The height of the ball above the ground is given by the function:
[tex]\[ s(t) = -16t^2 + 73 \][/tex]
To find the time at which the ball hits the ground, we need to determine when the height [tex]\( s(t) \)[/tex] equals zero:
[tex]\[ s(t) = 0 \][/tex]
[tex]\[ -16t^2 + 73 = 0 \][/tex]
Solving for [tex]\( t \)[/tex]:
[tex]\[ 16t^2 = 73 \][/tex]
[tex]\[ t^2 = \frac{73}{16} \][/tex]
[tex]\[ t = \sqrt{\frac{73}{16}} \][/tex]
[tex]\[ t = \frac{\sqrt{73}}{4} \][/tex]
Evaluating the expression:
[tex]\[ t \approx 2.136 \text{ seconds} \][/tex]
Thus, the ball hits the ground at approximately [tex]\( 2.136 \)[/tex] seconds.
---
### Part (b): What is the instantaneous velocity of the ball when it hits the ground?
The instantaneous velocity of the ball as a function of time is the derivative of the height function [tex]\( s(t) \)[/tex] with respect to [tex]\( t \)[/tex].
Given:
[tex]\[ s(t) = -16t^2 + 73 \][/tex]
We find the derivative:
[tex]\[ v(t) = \frac{d}{dt}[-16t^2 + 73] \][/tex]
[tex]\[ v(t) = -32t \][/tex]
Now, we substitute the time when the ball hits the ground ( [tex]\( t = 2.136 \)[/tex] seconds ) into the velocity function:
[tex]\[ v(2.136) = -32 \times 2.136 \][/tex]
[tex]\[ v(2.136) \approx -68.352 \text{ feet per second} \][/tex]
Thus, the instantaneous velocity of the ball when it hits the ground is approximately [tex]\( -68.352 \)[/tex] feet per second.
---
### Part (c): What is the average velocity during its fall?
The average velocity during the fall can be calculated using the formula:
[tex]\[ \text{Average Velocity} = \frac{\text{Change in Displacement}}{\text{Total Time}} \][/tex]

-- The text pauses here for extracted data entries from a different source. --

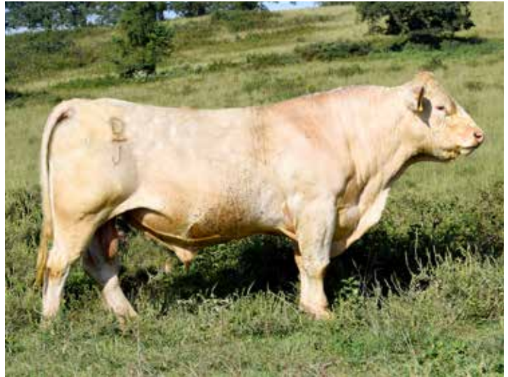
DC/JDJ PEGASUS D3330 P SIRE OF LOT 48 & 49

Sells Open. Pegasus is becoming one bull that's been proven over time. He sires more growth and performance than most! He is the sire of DC/BHD Shazam, DeBryucker's herd bull that had sired the top 2 bulls selling in their 2023 bull sale to LT Ranch. Maybe worth looking into if they like them! This top heifer also traces to a top Cigar x Ali Mark mating, the best of DeBryucker foundation genetics.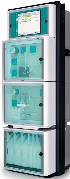
Figure 3. 2060 TI Process Analyzer.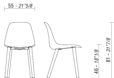
POLA, 4 wooden legs chair.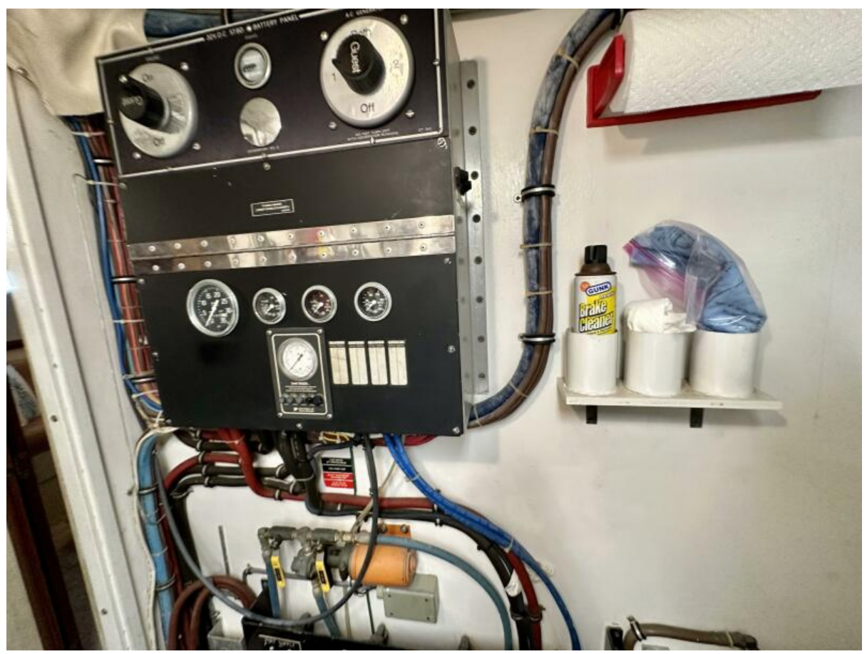
Engine Room 1988 70 Hatteras CPMY Conundrum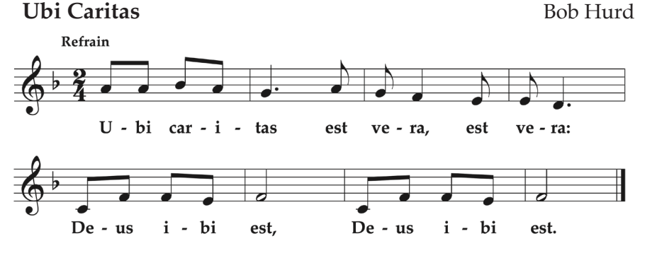
Where there is true charity, God is present.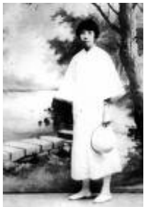
Image 3: 1926 photograph of Xu Guangping (1898-1968)

Inoue's portrait of Lu Xun focuses on the year 1934 in Shanghai when Lu Xun and his common-law wife, Xu Guangping (see image 3), took refuge at the famous Uchiyama Bookstore to avoid persecution as by the Nationalists (Guomindang) led by Chiang Kai-shek.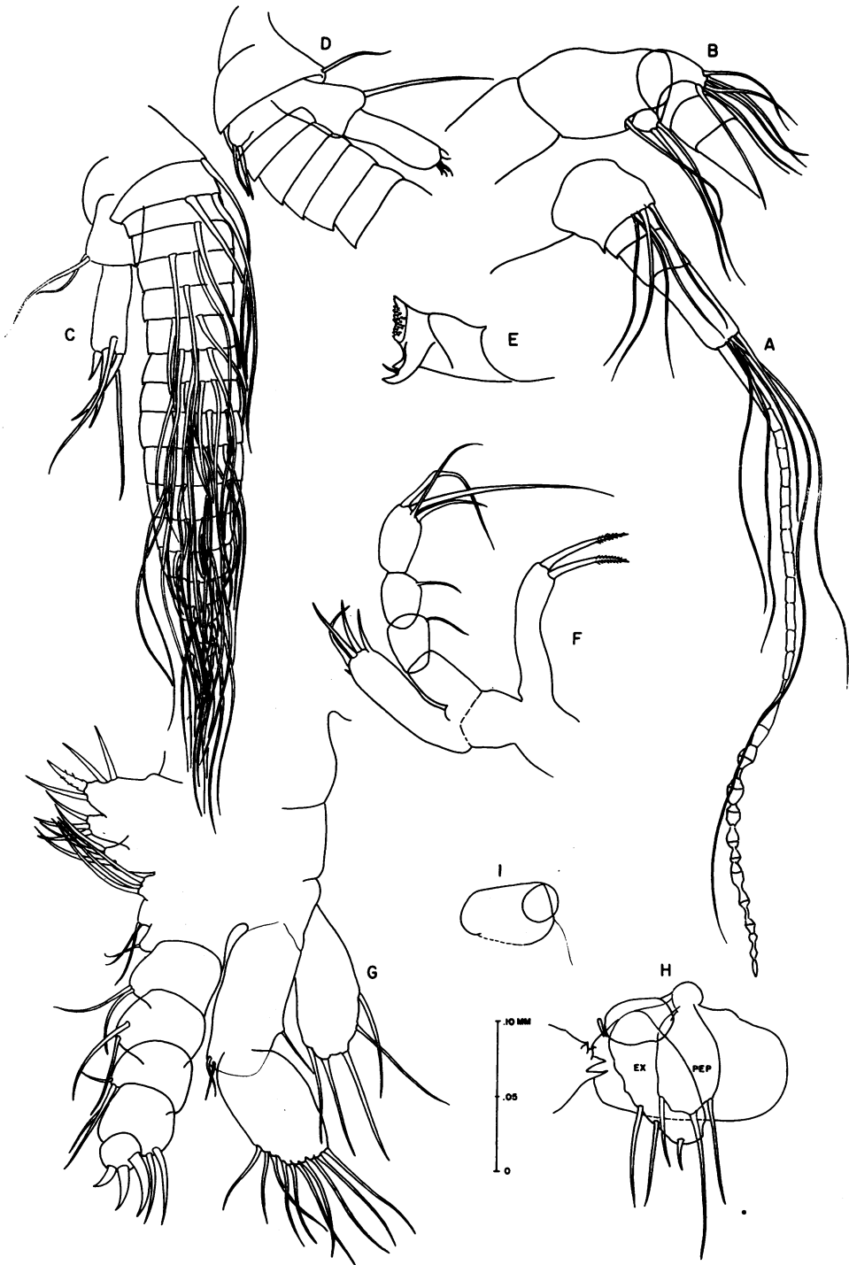
FIG. 2.—A, antennule with terminal part of filamentous portion twisted. B, basal section of antennule, showing small articulating knob. C, antenna. D, basal section of antenna, showing knoblike eminence. E, mandible. F, maxilla. G, first thoracic appendage. H, ninth thoracic appendage, showing interlocking processes of gnathobases; EX, exopodite; PEP, pseudopodite. I, rudimentary tenth appendage.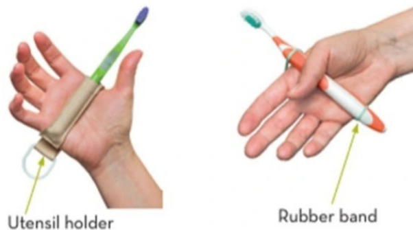
Figure 2 - Toothbrush Modifications 11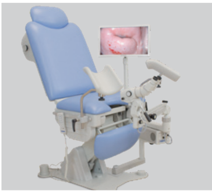
Colposcope Support (OPTIONAL)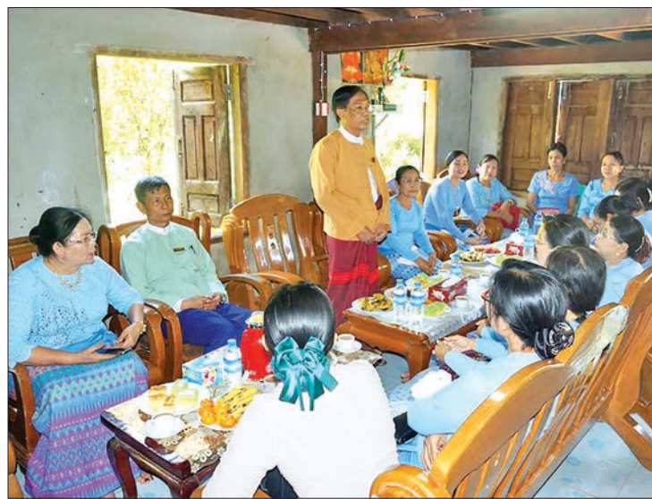
A meeting for opening of the child protection office held in Hpa-an Township in Kayin State yesterday.

WITH the aim of reducing the percentage of orphans and protecting children, a ceremony marking the opening of the child protection office was held at 1 p.m. yesterday in Khaymar Street, 5 th Ward in Hpa-an Township.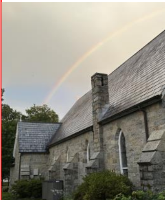
Rainbow Graces Holy Trinity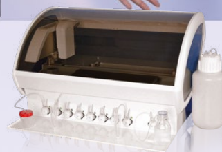
◆ DYNABLOT AUTOMATIC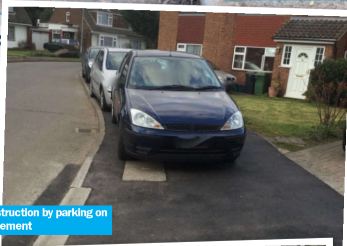
Obstruction by parking on pavement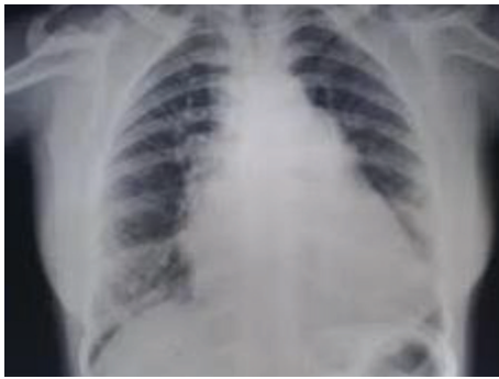
FIGURE 2: Cardiomegaly and increased pulmonary vascular markings.

left parasternal systolic lift, fixed splitting of the second heart sound, and a systolic murmur of grade IV/VI at left parasternal area.

Here, the initial height is [tex]\( 73 \)[/tex] feet, and the final height when the ball hits the ground is [tex]\( 0 \)[/tex] feet. The total time of fall is [tex]\( 2.136 \)[/tex] seconds.
Change in displacement:
[tex]\[ \Delta s = \text{Final Height} - \text{Initial Height} \][/tex]
[tex]\[ \Delta s = 0 - 73 \][/tex]
[tex]\[ \Delta s = -73 \text{ feet} \][/tex]
So, the average velocity is:
[tex]\[ \text{Average Velocity} = \frac{-73 \text{ feet}}{2.136 \text{ seconds}} \][/tex]
[tex]\[ \text{Average Velocity} \approx -4\sqrt{73} \approx -34.28 \text{ feet per second} \][/tex]
Thus, the average velocity during the ball's fall is approximately [tex]\( -4\sqrt{73} \text{ feet per second} \)[/tex].
To summarize:
(a) The ball hits the ground at [tex]\( \approx 2.136 \)[/tex] seconds.
(b) The instantaneous velocity when it hits the ground is [tex]\( \approx -68.352 \)[/tex] feet per second.
(c) The average velocity during the fall is [tex]\( \approx -4\sqrt{73} \text{ feet per second} \)[/tex].